Front page continuation (51) Int.Cl. ⁷ Identification code FI theme code (reference) H01M 4/62 H01M 4/62 Z F term (reference) 5H021 BB01 BB11 EE04 HH06 5H029 AJ05 AJ12 AK02 AK03 AK05 AK16 AL01 AL02 AL06 AL07 AL11 AL12 AM03 AM04 AM05 AM07 AM16 CJ02 CJ05 DJ04 DJ13 EJ12 HJ14 5H050 AA07 AA15 BA17 CA02 CA07 CA11 CA21 CB01 CB02 CB07 CB08 CB11 CB12 CB29 DA13 DA19 FA13 GA02 GA07 HA14

Claims (5)

[Claims] 1. A non-aqueous electrolyte secondary battery including a positive electrode plate, a negative electrode plate, and a separator, wherein a porous polymer electrolyte is provided inside at least one of the positive electrode plate and the negative electrode plate, and a positive electrode plate / separator and a negative electrode are provided.

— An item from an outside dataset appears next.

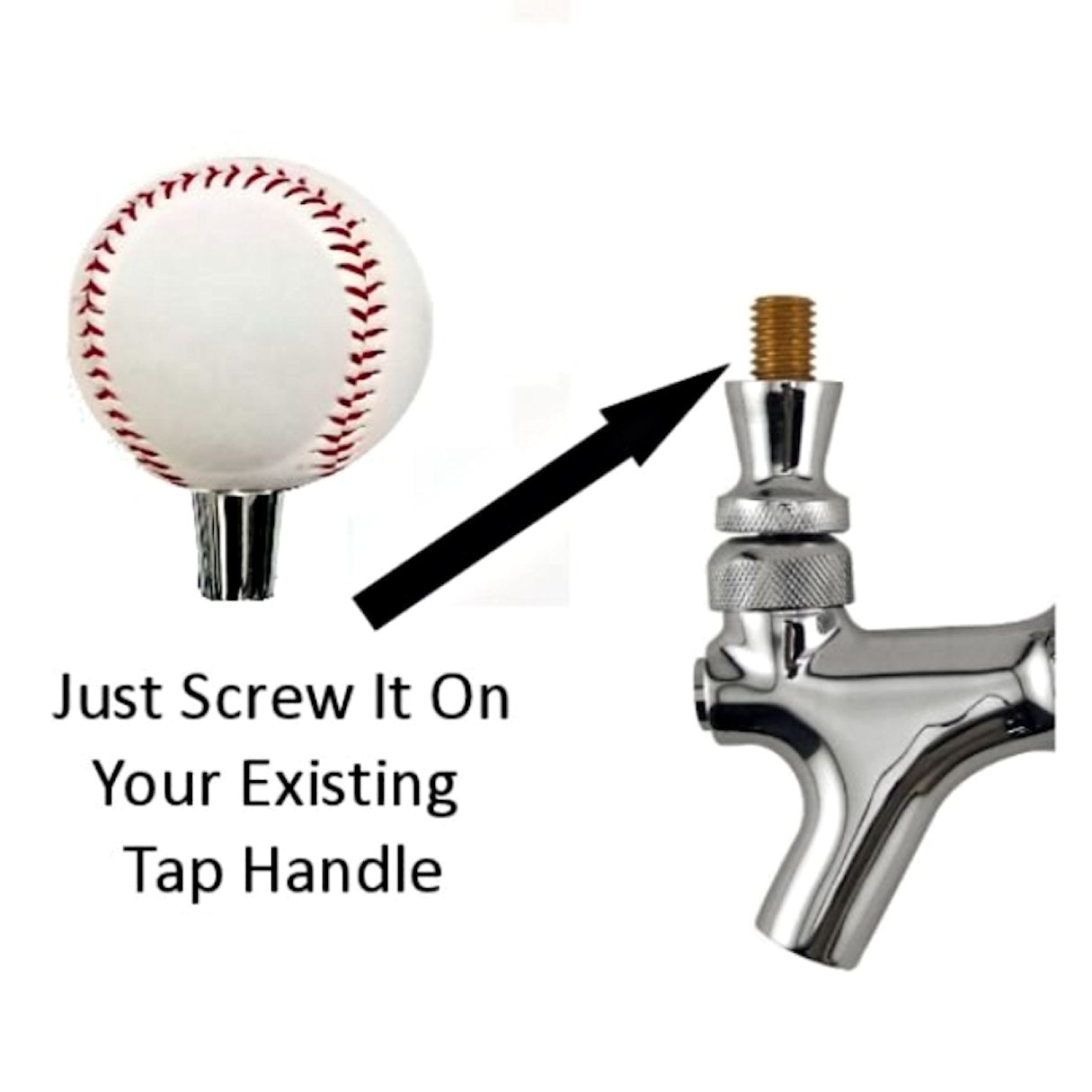 - Baseball tap handle measures 3.5" H x 2.85" W x 2.85" D

A non-aqueous electrolyte secondary battery characterized in that at least one of the plate and the separator is fixed. 2. The separator is a porous film containing a first polyolefin having a melting point of T1 ° C. and a second polyolefin having a melting point of T2 ° C., and 90 ≦ T1 ≦ 120, 120 <
The nonaqueous electrolyte secondary battery according to claim 1, wherein the relationship of T2 is satisfied. 3. A separator comprising: a porous film containing a first polyolefin having a melting point of T1 ° C. and a second polyolefin having a melting point of T2 ° C .; and a porous film composed of a second polyolefin having a melting point of T2 ° C. Consisting of a two-layer film of 90 ≦ T1 ≦
The non-aqueous electrolyte secondary battery according to claim 1, wherein the relationship of 120, 120 <T2 is satisfied. 4. The separator has a melting point of T1 ° C. on both sides of a porous film made of a second polyolefin having a melting point of T2 ° C.
Consisting of a first polyolefin and a second polyolefin having a melting point of T2 ° C.
The non-aqueous electrolyte secondary battery according to claim 1, wherein the relations 0 ≦ T1 ≦ 120 and 120 <T2 are satisfied. 5. The heating method according to claim 1, wherein at least one of the positive electrode plate / separator and the negative electrode plate / separator is fixed by heating at a temperature of T1 ° C. or higher and 120 ° C. or lower. 4. The method for producing a non-aqueous electrolyte secondary battery described in 4.